Rutter, 50, was diagnosed with multiple sclerosis 18 years ago. The disease caused her immune system to eat away her nerves in her legs specifically making her dependent on her wheelchair.

 

 

 

MS and epilepsy are two of the severe, debilitating or life-threatening conditions eligible for medical marijuana. Others are cancer, HIV infection or AIDS, amyotrophic lateral sclerosis (ALS), Parkinson’s disease, spinal cord injury with spasticity, inflammatory bowel disease, neuropathy, and Huntington’s disease with Alzheimer’s disease, muscular dystrophy, dystonia, posttraumatic stress disorder and rheumatoid arthritis on the table at the discretion of the Commissioner of Health. The Commissioner also has the authority to add other qualifying conditions.

In the current state of limbo, there a lot of unanswered questions.

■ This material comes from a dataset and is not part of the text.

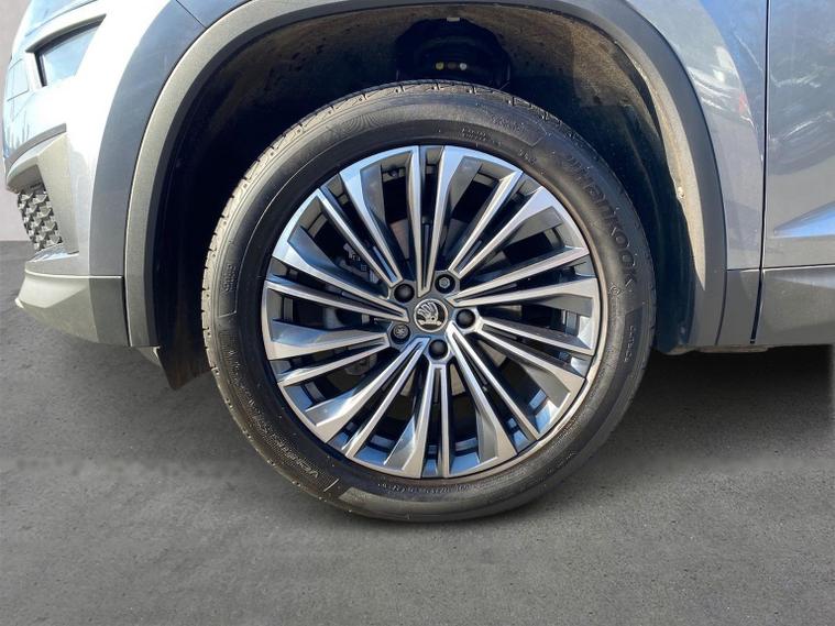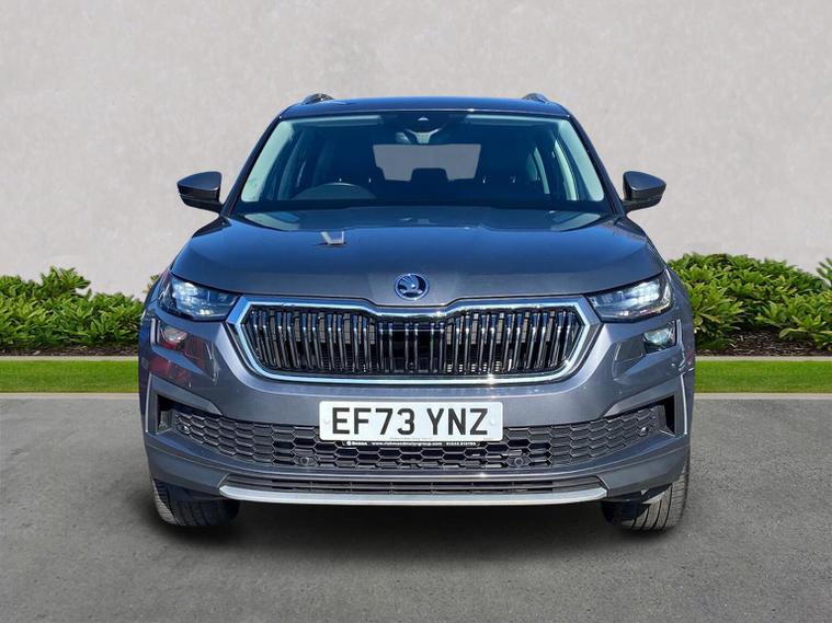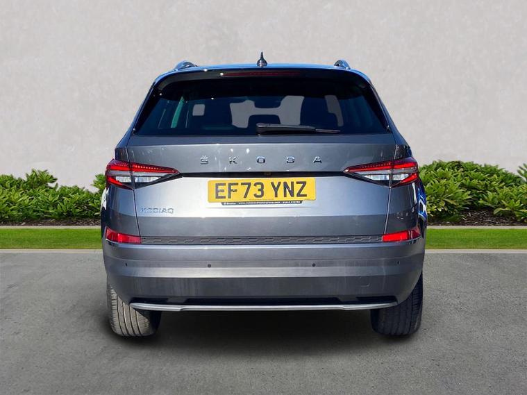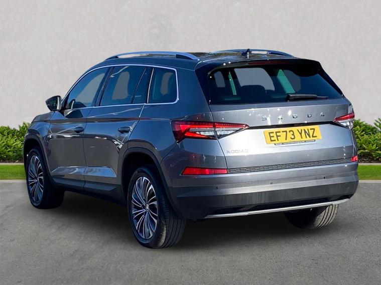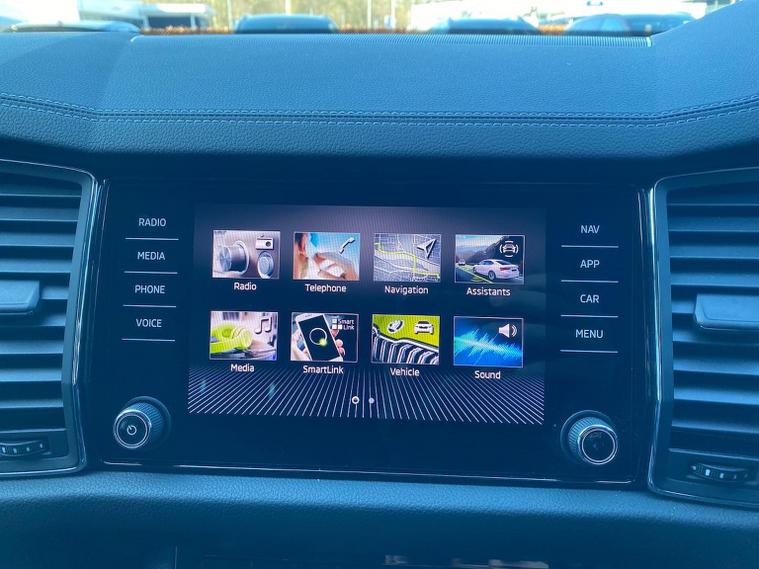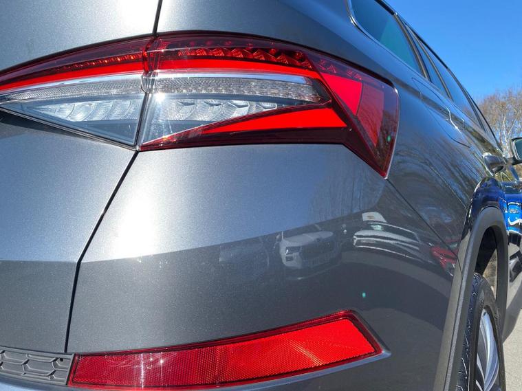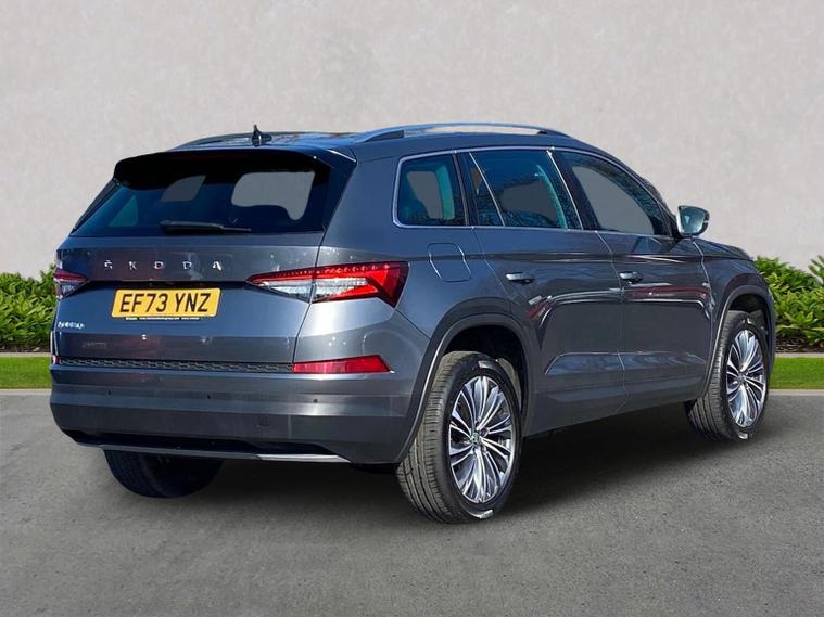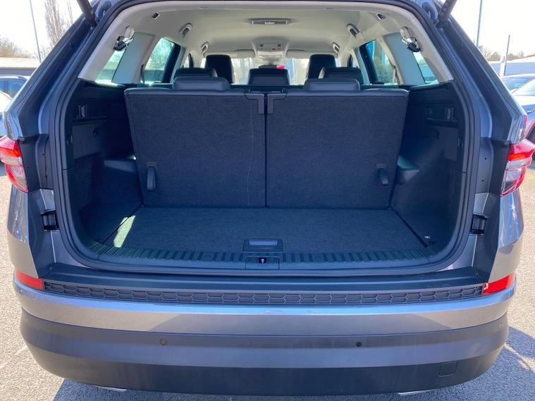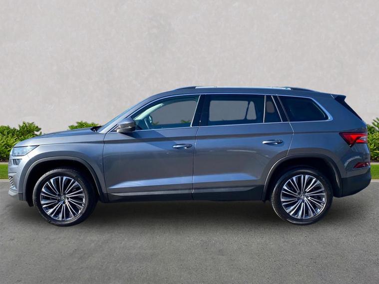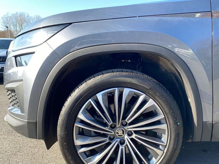This Škoda Kodiaq SE L Executive 1.5 TSI 150PS DSG (7 seats) in Graphite Grey Metallic with black leather upholstery includes the SE L Executive package, adding 19" Cursa anthracite alloy wheels, Light Assistant, auto-dimming rear view mirror, electrically adjustable heated folding mirrors with auto-dimming and memory plus boarding spots, aero wipers with light and rain sensor, rear view camera, power-adjustable driver’s seat with memory, driver’s lumbar support and a drawer under the front passenger seat. It is also fitted with the optional 2-spoke leather multifunction steering wheel. Standard equipment includes DAB radio, Bluetooth, Amundsen navigation, SmartLink, Care Connect services, front and rear parking sensors, cruise control, dual-zone climate control, front and rear electric windows, privacy glass, chrome exterior styling, heated rear window, roof rails, LED headlights, LED rear lights, textile floor mats, height-adjustable front seats, folding and sliding second row, third-row seating, illuminated glovebox, centre armrest, umbrella, rear air vents, boot nets and storage features. Safety features include front, side and curtain airbags, passenger airbag deactivation, Front Assist, Lane Assist, Hill Hold Control, alarm with interior monitoring and SAFE function, ISOFIX mounts on outer rear seats, ABS, ESC, tyre pressure monitoring and remote central locking with two keys. We offer in-person appointments, personal video appointments, test drives and finance options.
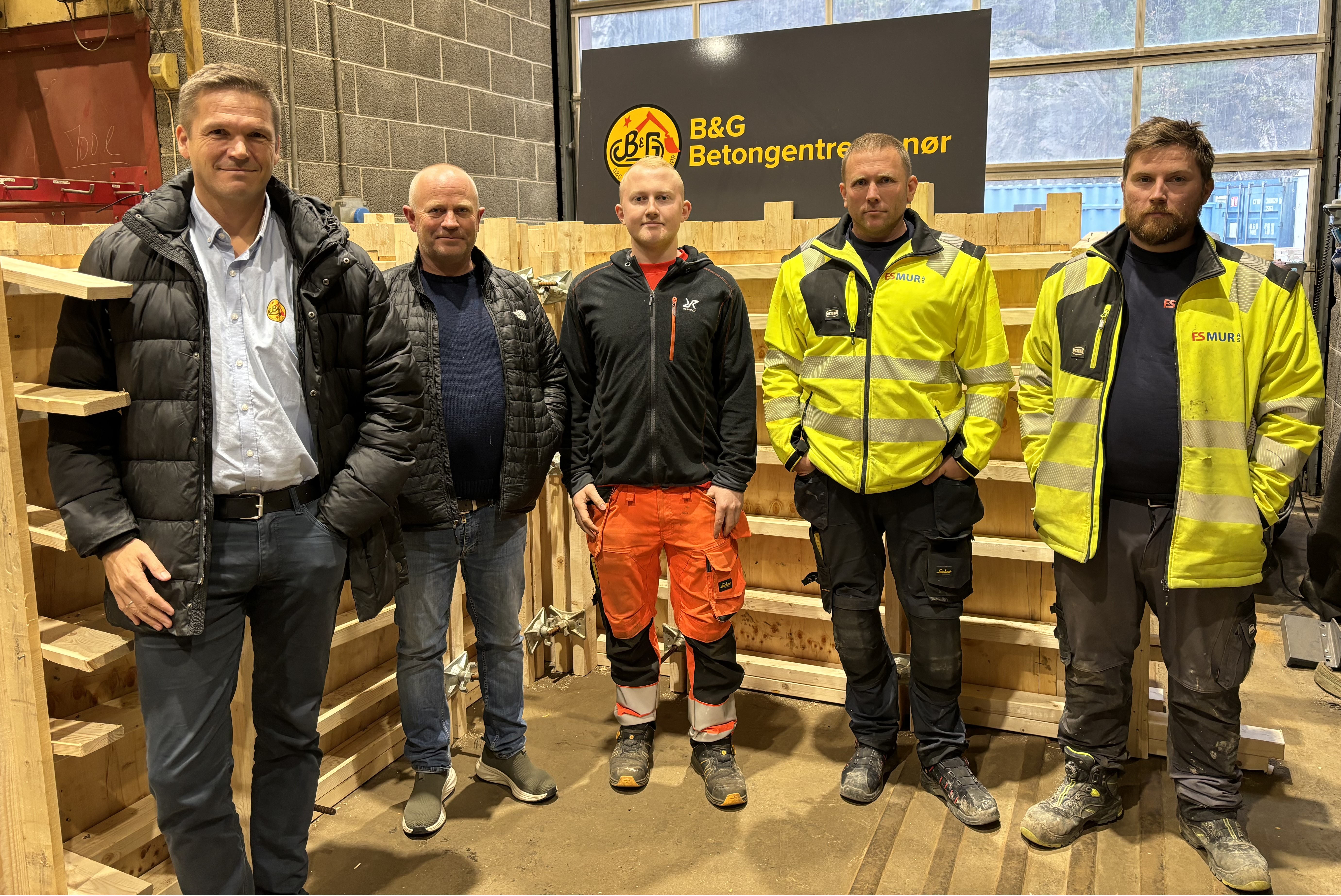 På bildet fra venstre: Gunnar Førsund - daglig leder i B&G Betongentreprenør, Tom Kåre Hestvåg - Prosjektleder i B&G Betongentreprenør, Morgan Ågedal, Arne Glomsaker - Prøvenemda og Trygve Kvernmo - Prøvenemda

“Patients who come us what to know everything,” Melissa Meyer, who founded HealthMJ to provide information for patients on health and marijuana, said. “They want to know how much they take, when do they take it, where can they get it, can they get it legally in the state, should they smoke it, should they eat it, should they rub it on the tumor directly, does it help with nausea, does it help gain their appetite back, does it help with their cancer related depression. They want to know all things because they’re sick, they’re curious and they’re motivated and open-minded to learn everything they can about every possible treatment option.”

Meyer organizes a monthly Meetup, “Cancer, Cannabis and Conversation,” as an open forum to help patients feel comfortable discussing marijuana as a medically viable treatment.

“If you’re raised with ‘just say no to drugs,’ there’s so much stigma attached to it that it’s embarrassing to ask for,” Meyer said. “You see ads on television telling you that marijuana makes you into a brainless monkey, that it’s a gateway drug, only criminals do it. It’s hard to undo 50 years of that education.”

Those patients who do meet state conditions and want this medicine are ones desperately seeking any possible treatment as they fight for their lives. Cannabis is not a new plant. Robert Deitch notes in Hemp: American History Revisited: The Plant with a Divided History that as far back as 2900 B.C. ancient China, Ma, the Chinese word for cannabis, was very popular medicine that possessed both yin and yang. And although there is a very limited amount of research and clinical trials in cannabis care to today’s standard of medicine, those patients look at medicine derived from marijuana as their last hope for easing the pain.

It’s about quality of life for as long as they have.